From the perspective of the reshaping neural networks for hyper-adaptation, when the brain reorganizes neural networks by disinhibiting the pre-existing neural network that is normally suppressed (Figure 1), an internal dynamics based on RNNs can rapidly change its dynamical behavior to explore the landscape of cost functions (please see the following sections for details). When RNNs are embedded within an AS-based internal model, the systematic lawfulness of the control configuration (Figure 3) would allow the RNNs to find the global minimum of the cost functions. That is, physical intervention to the body dynamics can stimulate the feedback loops between the brain and the body to induce the reshaping of the RNNs for the global minimum of the cost functions as shown in Figure 1. In this section of motor control theories for hyper-adaptability, we provided an overview of the two main frameworks, namely, weak and strong anticipation, discussing the basic mechanisms of how they function and consequence for motor adaptation. Although the discussion on weather the parallel model should be used to implement the RNN as an internal dynamics needs to be clarified, the RNN would have a higher affinity with the idea of strong anticipation since it states that organisms like human beings anticipate events by continuously coupling their own (cognitive or somatic) processes to the dynamics of the environment. To induce the motor coordination for a given purpose, quite a few control frameworks would be able to achieve a goal; however, the mechanisms themselves can be different. Thus, as in the following sections, the physiological experiments conducted to measure the activity of neurons will play an important role to validate the extracted dynamics against the motor coordination and to discuss further the control framework used in the motor coordination of humans.

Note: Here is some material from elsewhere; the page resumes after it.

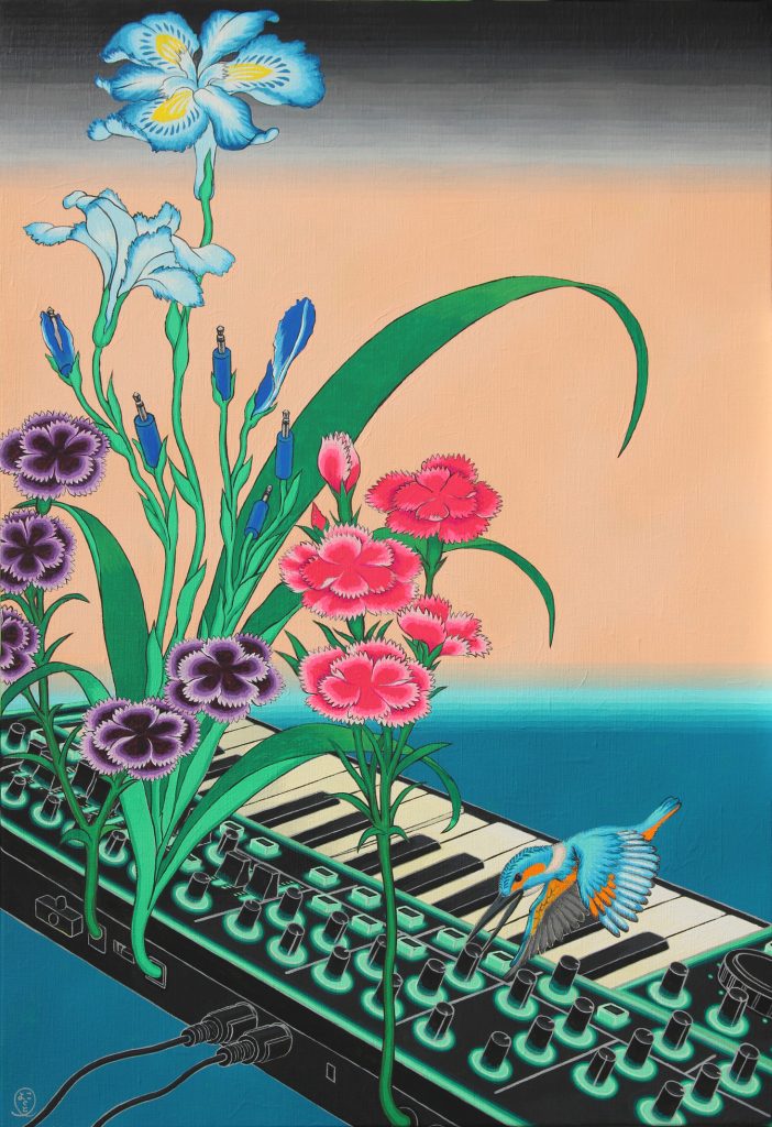 Kadenzu Synthesizer with Kingfisher and Flowers, 2025, acrylic on canvas, 26.6” x 19.7”

4. Neural network modeling of hyper-adaption

In the previous sections, we reviewed the examples of hyper-adaptability in humans after stroke or traumatic brain injuries and discussed the applicability of control theories (weak and strong anticipation) in understanding the mechanisms of hyper-adaptability. These behavioral and theoretical considerations highlighted the ‘reconstruction’ of neural structures, which is essential for hyper-adaptation and differentiate it from normal adaptation. To understand the circuit mechanism of hyper-adaptability, it is necessary to establish neural network models that can recapitulate the behavioral change during hyper-adaptation. In addition, such neural network modeling also provides useful insights into physiological observations during hyper-adaptation. In the previous section, we attempted to apply the recurrent neural networks to replace a control process (i.e. internal dynamics). Here, we more generally discuss how recent advances of neural network modeling can be used to understand the circuit mechanisms of hyper-adaptability.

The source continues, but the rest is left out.